Les actions civilo-militaires : une finalité opérationnelle

Témoignage d’un acteur de terrain

La complexification des conflits, leur privatisation, la multiplication des acteurs civils et l’enjeu difficile des sorties de crises ont imposé de concevoir l’engagement militaire dans un environnement multiple. Des équipes, appartenant au groupement interarmées des actions civilo-militaires (giacm) sont désormais projetées aux côtés des unités françaises pour contribuer à la coopération avec l’environnement civil de la force.

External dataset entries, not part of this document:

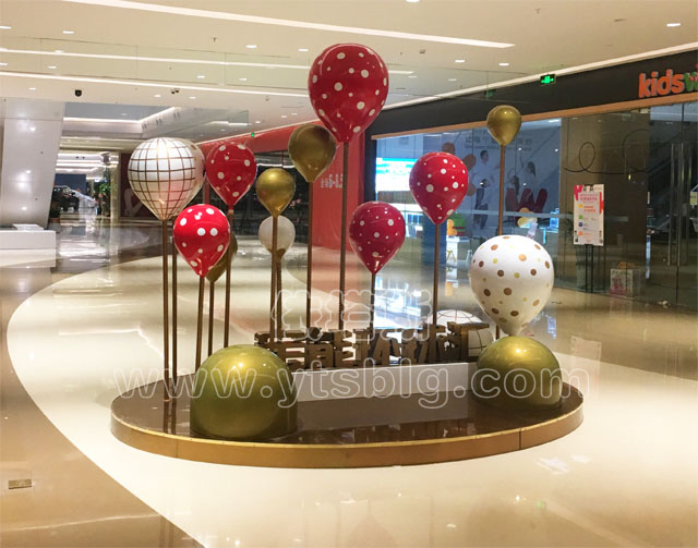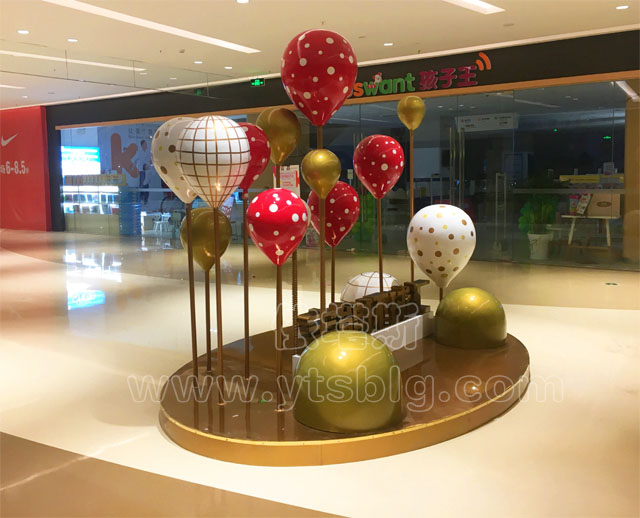 ? ? 下面請(qǐng)跟隨依塔斯一起來(lái)欣賞近期寶能環(huán)球匯充滿質(zhì)感的開(kāi)業(yè)美陳裝飾,大門(mén)口DP點(diǎn)裝飾,充滿西方特色的顏色和造型除了開(kāi)業(yè)喜慶同時(shí)體現(xiàn)出該商場(chǎng)的高級(jí)感。這組造型主要是由一些大小不一的氣球造型通過(guò)鋼管固定在底板上,整體造型并不復(fù)雜,但是在材質(zhì)選擇 上設(shè)計(jì)師卻是做足了功夫,其中氣球造型的材質(zhì)各不相同,直徑比較大的采用玻璃鋼材質(zhì)進(jìn)行制作,外表再進(jìn)行彩繪,效果圖非常逼真。其余的又分為兩種工藝分別進(jìn)行制作,實(shí)體的采用亞克力工藝并可以吸塑發(fā)光。鏤空的部分為不銹鋼網(wǎng)噴漆內(nèi)加亞克力氣球造型。整體顏色以紅色、金色、白色為主,底下做了寶能環(huán)球匯等金色LOGO,使得該商場(chǎng)達(dá)到了有效的推廣。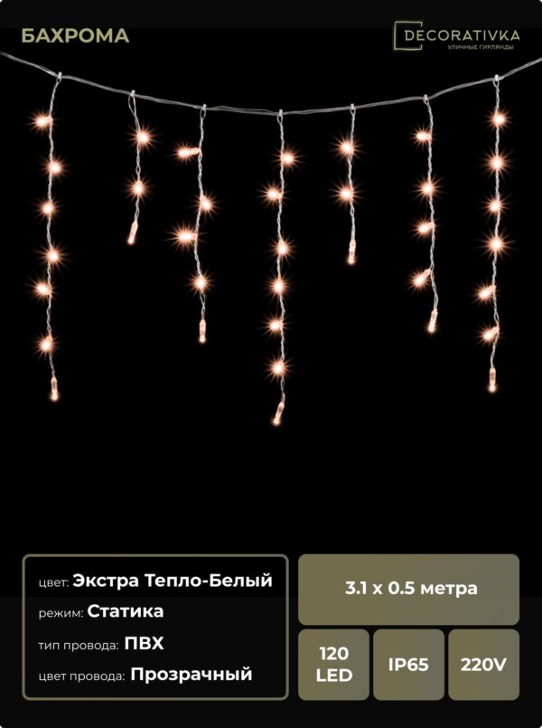 Гирлянда Бахрома с Колпачком 3,1 x 0,5 м Экстра Тепло-Белая 220В, 120 LED, Провод Черный ПВХ, IP65
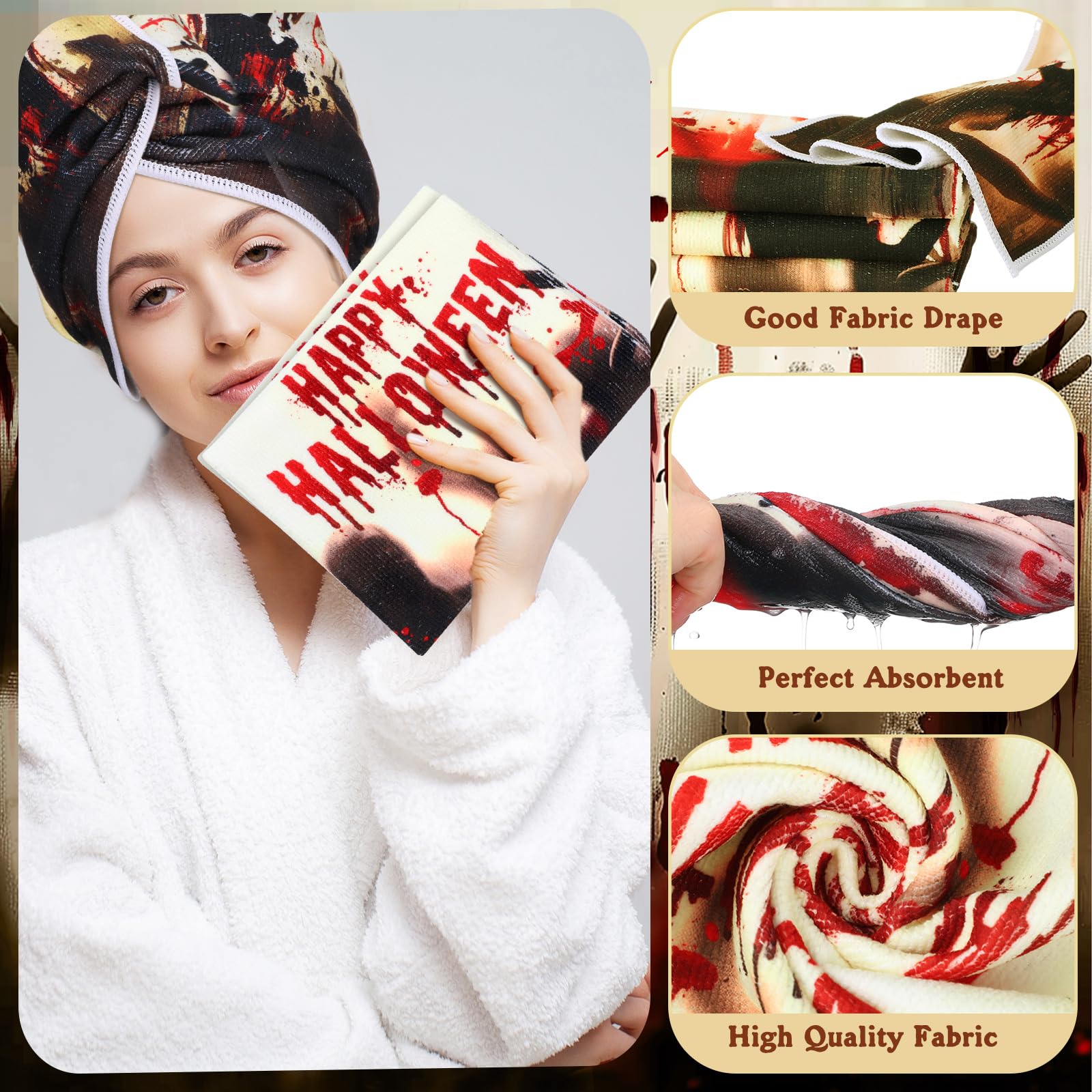 • Complete and Convenient Halloween Bathroom Set: immerse yourself in the Halloween spirit with our comprehensive bathroom set; The package includes 4 towels, 1 shower curtain with 12 hooks, 1 toilet lid cover, 1 bath mat and 1 U shaped rug, all adorned with Halloween themed designs; Our set covers all your bathroom essential needs, adding a touch of festiveness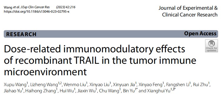 艾滋病疫苗国家工程实验室于湘晖、于彬团队报道了重组TRAIL在TME中扮演着剂量依赖的双向免疫调节作用,并详细阐释了作用机制。同时探讨了癌症治疗中重组TRAIL增强抗肿瘤免疫和抗肿瘤效应的潜在策略。研究论文“Dose-related immunomodulatory effects of recombinant TRAIL in the tumor immune microenvironment”发表在国际学术期刊《Journal of Experimental & Clinical Cancer Research》(影响因子11.3,中科院分区一区)上。论文第一完成单位为司机社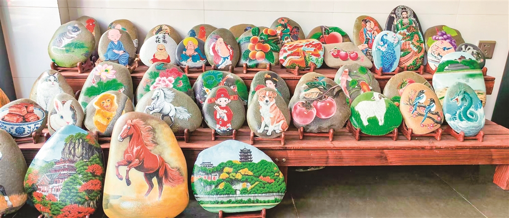 如今,李景丽的“美好石光手绘”店铺生意渐入佳境,除了销售自己创作的石头画,她还增设了石膏娃娃绘画、亚麻画、钻石画等深受小朋友喜爱的文创娱乐类目,不仅拓宽了收入渠道,也极大缓解了经济压力,更让她的民间艺术创作走进了更多人的视野。截至目前,她创作的石头画已售出50余幅,那些从江畔溪流中捡拾而来的汉江石,在她的妙笔下绽放出别样光彩,既承载着她年少未竟的梦想,也稳稳托住了她一度下坠的人生。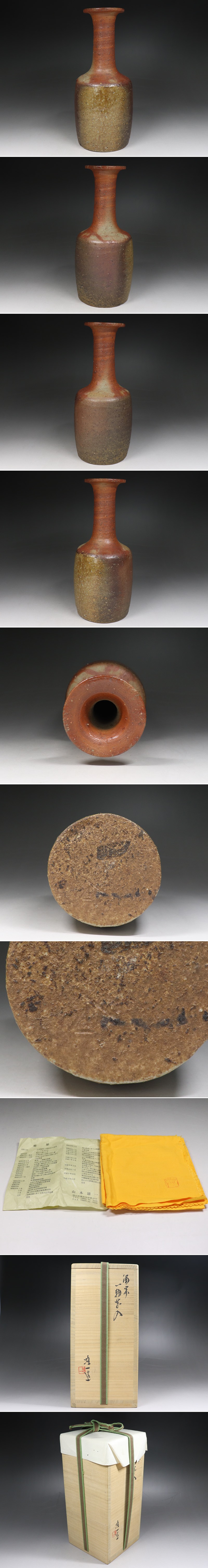 | ■備前■山本雄一・一輪花入・花瓶・栞・共布・共箱・県重要無形文化財・検 山本陶秀・f7165h | ||||||||||||||||||||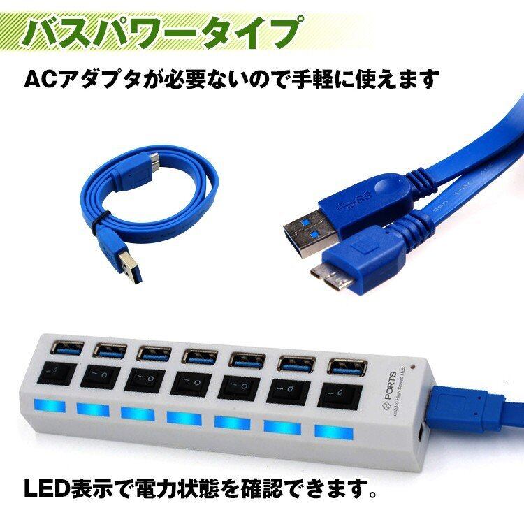 7ポートUSB3.0 ハブ スイッチ付 高速 USBコンセント ケーブル 充電器 変換

Actuellement en Côte d’Ivoire, le giacm déploie une chaîne composée d’un chef, d’un officier synthèse et de cinq équipes de trois personnes réparties dans les Groupes tactiques interarmes (gtia). Cet article témoigne de la mission que j’effectue à Man, en tant que chef d’équipe au profit du gtia21. Cette dernière consiste à réaliser des projets à destination du secteur civil pour faciliter une perception favorable des marsouins (appellation désignant les soldats des troupes de l’infanterie de marine2) par la population civile. Nous avons ainsi réparé des pompes à eau, rénové une maternité, fourni du mobilier scolaire, participé à la construction de ponts et réalisé des dons divers.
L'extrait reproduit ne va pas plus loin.